Even with proper fueling, there were days when I was certain my coach was crazy…the volume was too much…the intensity was too high. I’d never done this before! And I talked to myself, a lot. “Do you still want it?” “If you don’t want it, you don’t have to do any of this. If you want it, this is the path. Your choice. The goal doesn’t matter at all… except that its yours… if you still want it.”
I changed my 5am alarm so this goal was the message I’d see it every morning before I debated getting out of bed. This goal powered me through over 2,000 miles of training (81 swimming, 1707 cycling, 383 running) and countless hours of stretching, strength, and PT.
At the end of April, a hamstring issue severely impeded my running. Injuries and goals are frustrating. Trying to figure out the right balance of pushing through, treatment, and rest without panicking and making bigger problems is awful. It was the mental undoing and second guessing which felt endless and was exhausting. When the last call for switching to AquaBike email came out, I half thought or hoped that Kathleen would just tell me to give up and switch. (thankfully I didn’t tel her this until after the race, she said she would’ve hit me!)
Every workout during the final weeks leading up to race day was “show up, do my best, and trust.”
Race morning, thunderstorms threatened to wreak havoc with the swim and rain was forecast for the bike. These didn’t feel like the ideal conditions for my goal. I was pissed, but didn’t want to stay there. I reassured myself that I had done the training that under the right conditions, would have led to my goal, but I don’t control the conditions. The part that was in my power, I had done faithfully and well. All that was left to do was go out and have the best race in the conditions that the day brought. That’s it. Oh, and I could still try to be happy on the run.
As I pulled out of my parking space at the hotel Best Day of My Life came on the radio. I had a dream so big and loud… This song stuck in my head for the entire race. It was the soundtrack for the day.
The swim wasn’t canceled. I swam strong and reached the wetsuit strippers without feeling dizzy. The bike was drizzly, but not pouring and I mostly kept to plan for pacing and fueling. The transition to the run was the best ever. Better than any previous Patriot or any long training brick. The first half of the run I was moving along in zone 3…and then the hamstring did its thing.
Absolutely I had hoped it was miraculously gone and I felt so disappointed. In an instant, I regretted telling everyone about my stupid goal. I had a huge crowd of family and friends who had driven from all over to cheer me on. What was I thinking?! Ugh. This sucked.
Ok, so what?! If tried as hard as I could and missed my goal… failed… my family would be disappointed??? More likely they’d be proud of me for going for it! And let’s be honest, 5:30 meant nothing to them! They couldn’t care less about a number. Shake that off. And yes, I still wanted it, dammit.
Of course… I had also mistakenly pushed the wrong button on my Garmin and ended the triathlon, so I had no idea where I was in relationship to my goal. No idea at all. I started to see the absence of timing as a gift from the universe to help me reach my goal of a happy run.

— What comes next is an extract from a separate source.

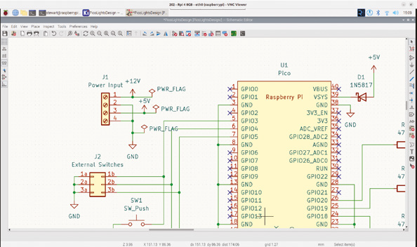 이전 튜토리얼의 회로도 다이어그램으로 시작하겠습니다. 다이어그램은 그림 1에 나와 있습니다. 회로가 설계되고 주석을 달았지만 인쇄 회로 기판으로 바꾸기 전에 몇 가지 변경이 필요합니다. 라즈베리파이 Pico 설명서(magpi.cc/hwdesignrp2040)에서는 Pico의 모든 접지를 접지에 연결할 것을 권장합니다. 이는 핀 3, 8, 13, 18, 23, 28, 38에 설정해야 합니다. 나머지 모든 핀은 배치 메뉴에서 연결 안 함 플래그 추가를 사용하여 연결되지 않음으로 설정해야 합니다.

I remembered that when I asked Kathleen before the race about my readiness she had said something like: the swim was good, the bike was good, and the run was the wildcard – but since I’d been running forever, she knew my muscle memory would carry me.

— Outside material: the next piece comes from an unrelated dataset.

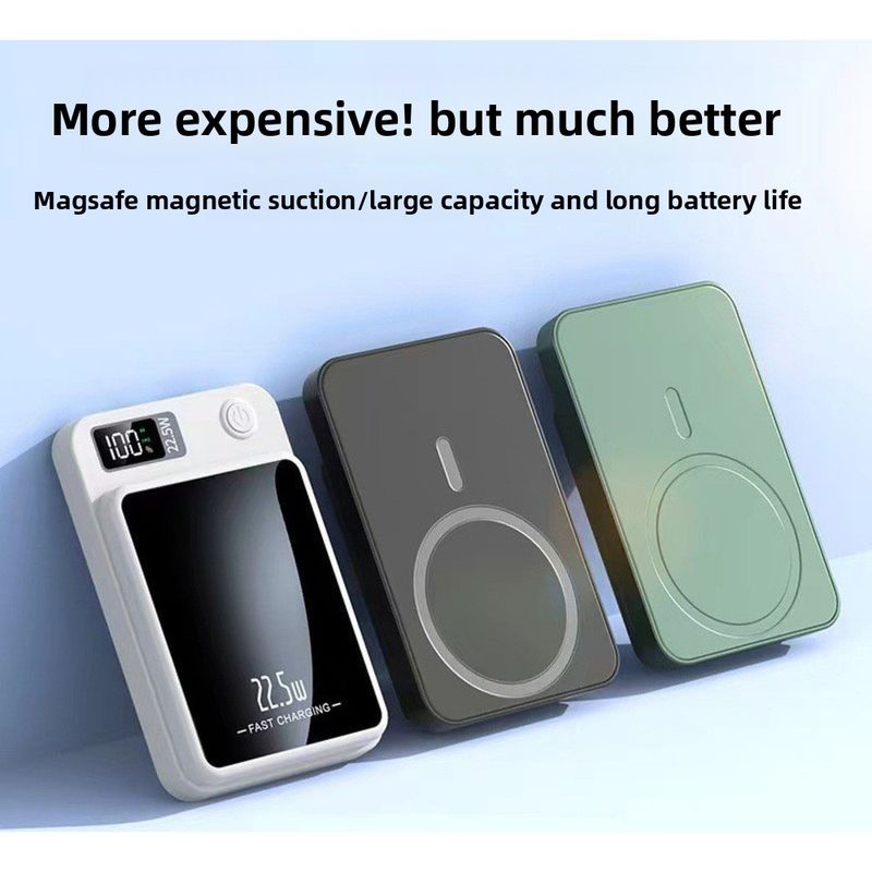 Brand:Neutral,Classification:Power Bank,Item Number:Y211,What type of battery?:Li-ion Battery,Battery Cell Type:Polymer lithium-ion battery cell,Case material:Plastic,Color:Black, White, Green, Purple,Power Capacity:External label 10000 mAh - actual 5000 mAh, external label 20000 mAh - actual 10000 mAh, external label 5000 mAh - actual 5000 mAh, external label 10k mAh - actual 10000 mAh,Size:104*69*19mm,Main downstream platforms:eBay, Amazon, Wish, AliExpress, Independent Station, LAZADA,Main sales regions:Africa, Europe, South America, Southeast Asia, North America, Northeast Asia, Middle East,We have authorized private labels available:yes,Is it exclusively for cross-border export supply?:yes,Is it a patented source product?:No,Charging power:22.5W,Style:creative design,Manufacturer:Jinshenchuang Technology,Rated Capacity:6300,Input Voltage:5V,Battery capacity:10000,Maximum Output Power:22.5W,Voltage:9V 12V,3C Certificate Number:2023260915000014,Charging Protocol:PD3.0,Functionality:Magnetic suction, wireless charging, supports fast charging, with battery level display,Is it only for cross-border?:yes,Is it exclusively for foreign trade?:yes,Standard Type:French Standard, National Standard, German Standard, Japanese Standard, British Standard, Others,Model Number:Y211

So I believed strongly that as long as I kept running, just didn’t stop, I could still make it.
5:22:48 – a 10 minute PR… at fn50!
I still feel immense joy just for being brave enough to not abandon my goal when it felt unreachable. I always learn from my athletic endeavors.
What I learned is that abandoning the goal won’t prevent disappointment. I don’t really talk myself out of wanting what I want. It feels incredible to let myself want something, even if I may or may not get it. I will survive disappointment. Just because I do not understand how something can come together, doesn’t mean it won’t.
And of course, when you have a great coach, always trust your coach.
*PSA: Women, in perimenopause and menopause your estrogen crashes. Estrogen was used to convert carbohydrates into energy that fuels your muscles. The fueling plan you’ve used successfully may not work anymore. You’re not crazy or getting slow or lame. You may just need different fueling. I did. Why don’t people talk about this?!